> PROBLEM REQUIREMENTS
What is needed is an exact copy of the lines from the one containing "ووفقًا للتقرير اليومي" through the last line of the records below, with no pictures.

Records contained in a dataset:
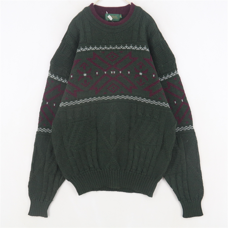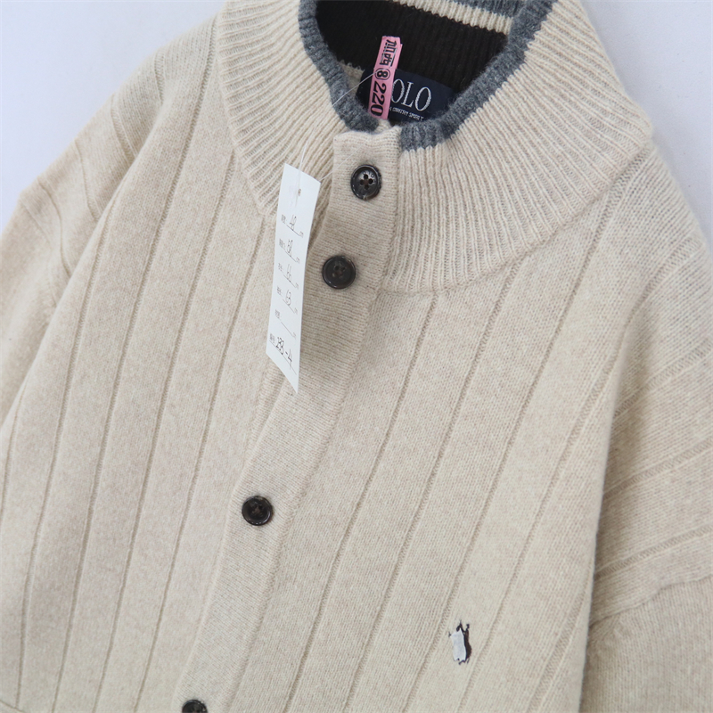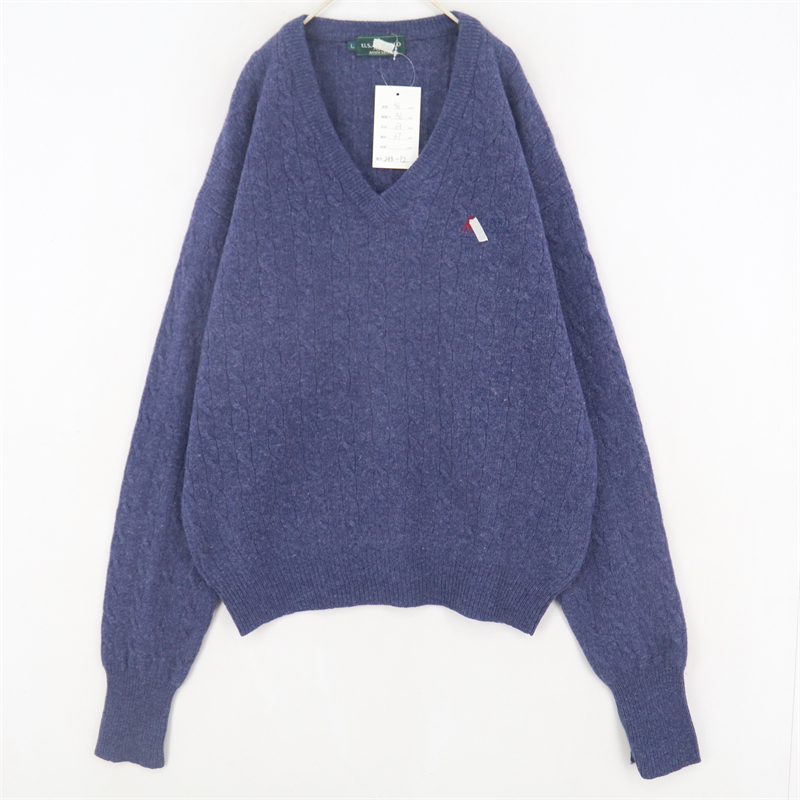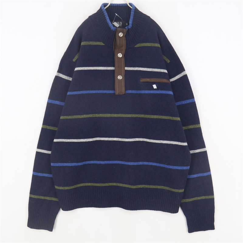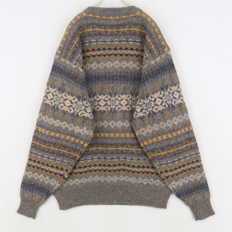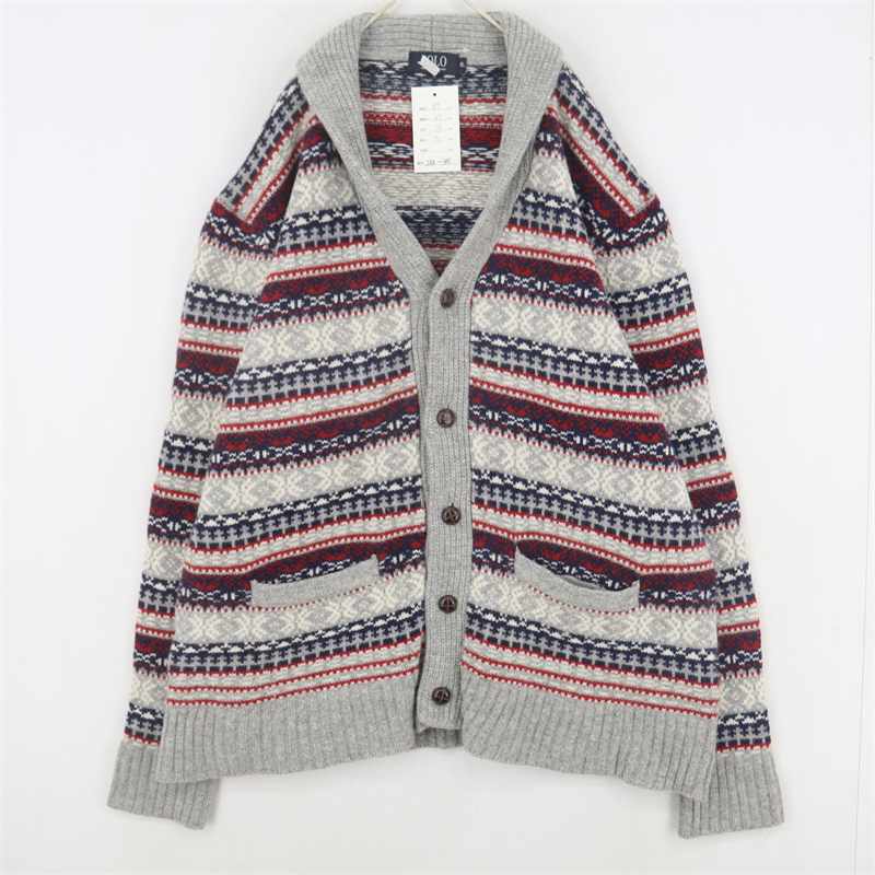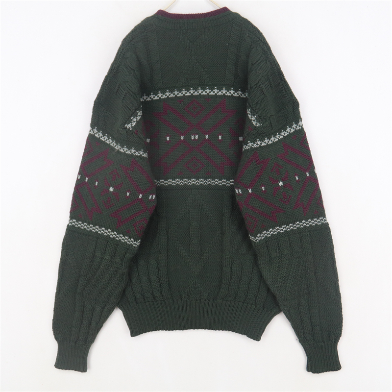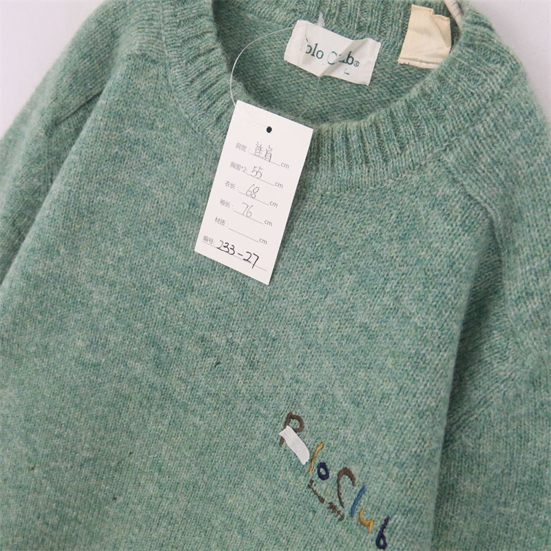古著毛衣Vintage孤品復古純色格子簡約百搭Polo刺繡針織羊毛233
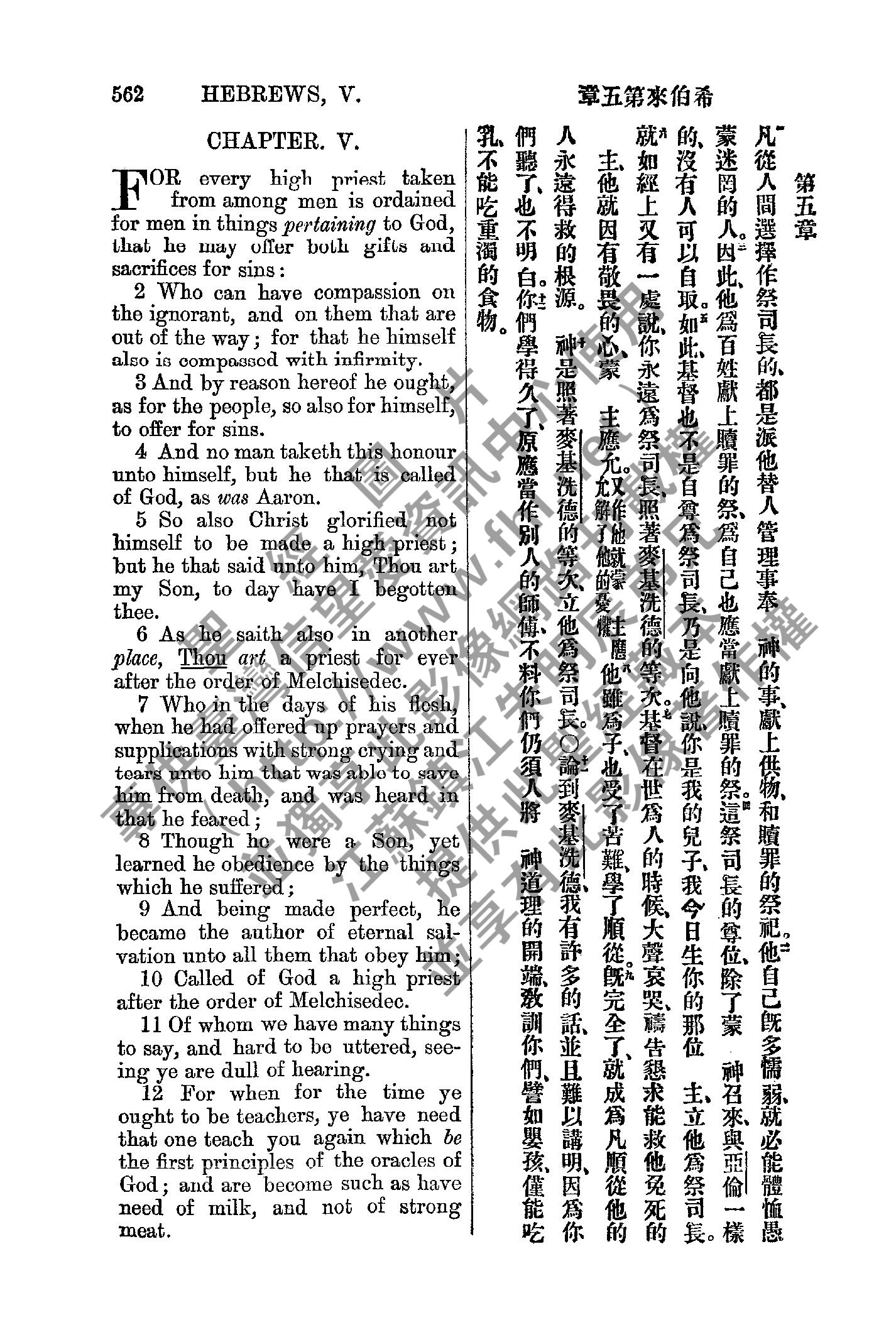 1885年新約全書 希伯來書 5 章 1 節到 5 章 12 節
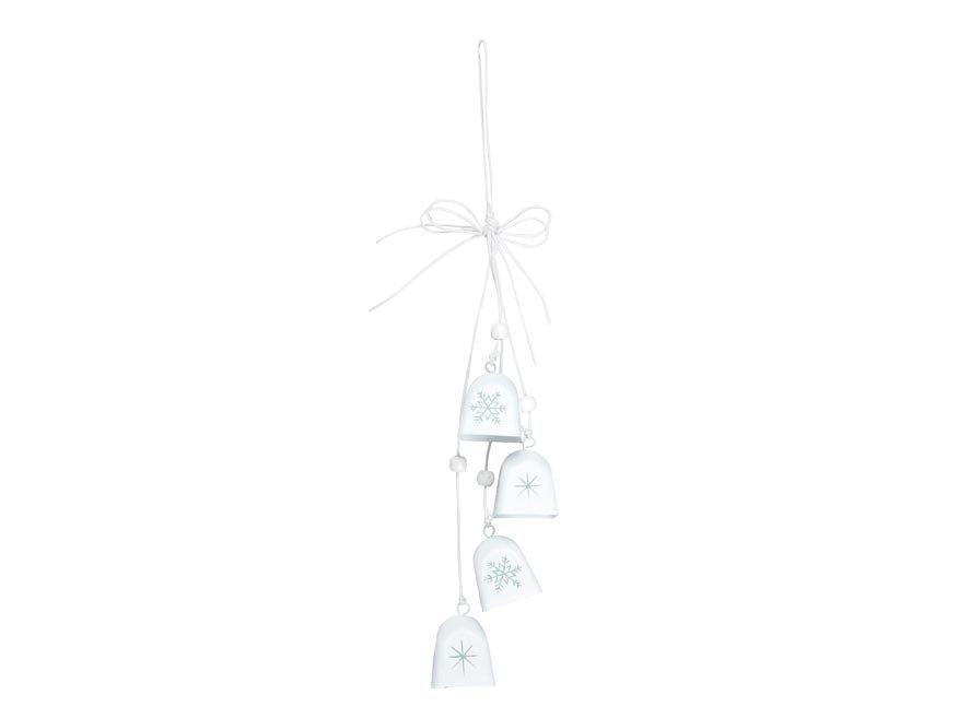 Vánoční dekorace zvonky v bílé barvě se závěsem. Závěs obsahuje 4 zvonečky. V horní části je očko s provázkem, které umožňuje snadné zavěšení. Ozdobu můžete zavěsit na dveře, okno, nebo jinak zkrášlit Vaše bydlení.Délka: 370 mmVýška zvonečku: 35 mmUvedená cena je za 1 ks. przeczytaj całość
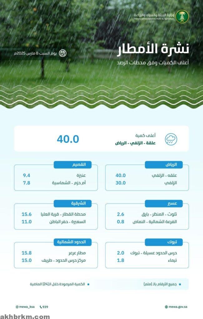 ووفقًا للتقرير اليومي لوزارة البيئة والمياه والزراعة، حول كميات هطول الأمطار في مناطق المملكة كافة، سجّلت (83) محطة رصد هيدرولوجي ومناخي، خلال الفترة من الساعة التاسعة صباح الجمعة 7 مارس وحتى التاسعة صباح السبت 8 مارس 2025م، هطول أمطارٍ في مناطق (الرياض، مكة المكرمة، المدينة المنورة، القصيم، الشرقية، عسير، تبوك، الحدود الشمالية، الباحة، والجوف).
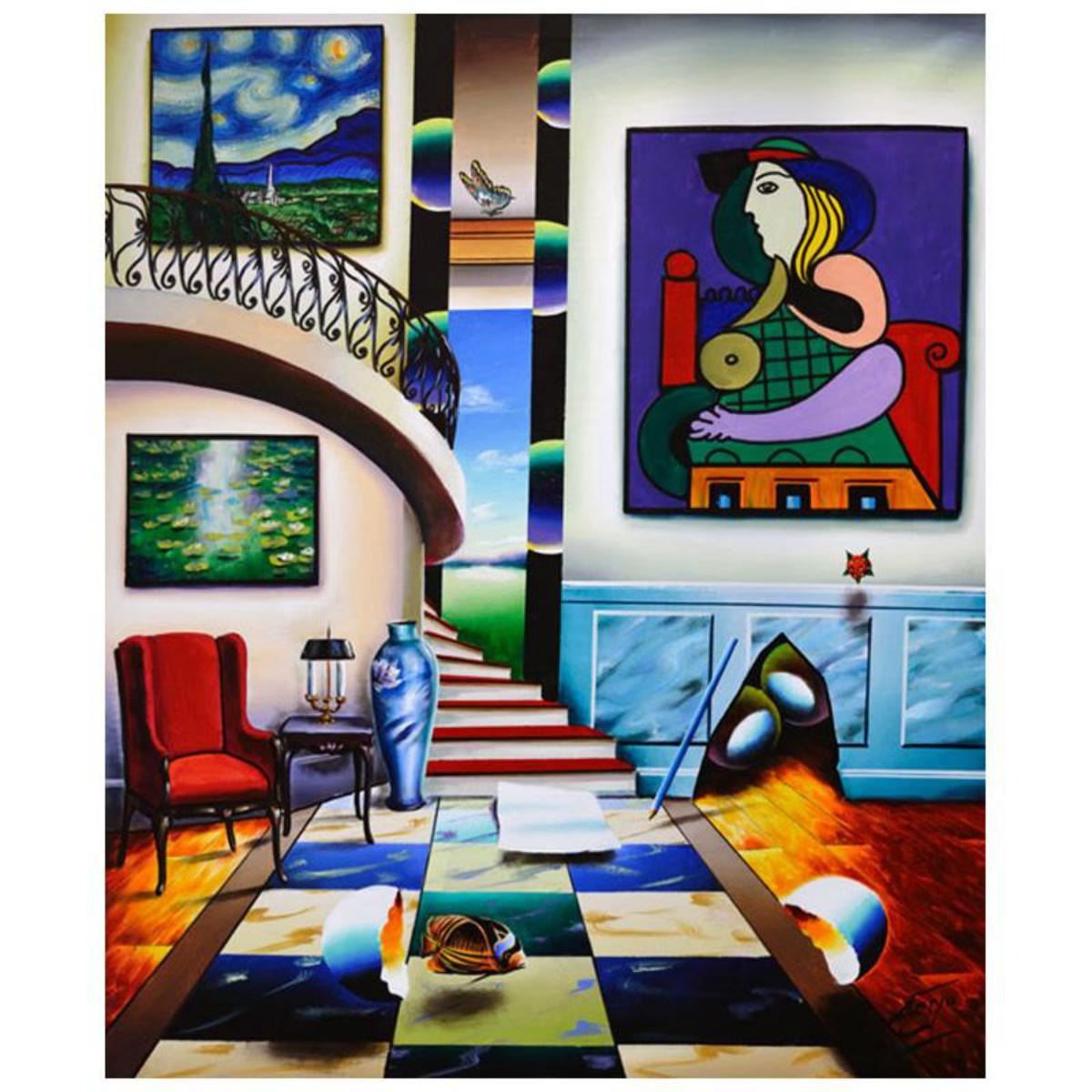 Ferjo, "Reading Room" Original Painting on Canvas, Hand Signed with Letter of Authenticity.

> RESULT OF THE EXERCISE
 ووفقًا للتقرير اليومي لوزارة البيئة والمياه والزراعة، حول كميات هطول الأمطار في مناطق المملكة كافة، سجّلت (83) محطة رصد هيدرولوجي ومناخي، خلال الفترة من الساعة التاسعة صباح الجمعة 7 مارس وحتى التاسعة صباح السبت 8 مارس 2025م، هطول أمطارٍ في مناطق (الرياض، مكة المكرمة، المدينة المنورة، القصيم، الشرقية، عسير، تبوك، الحدود الشمالية، الباحة، والجوف).
 Ferjo, "Reading Room" Original Painting on Canvas, Hand Signed with Letter of Authenticity.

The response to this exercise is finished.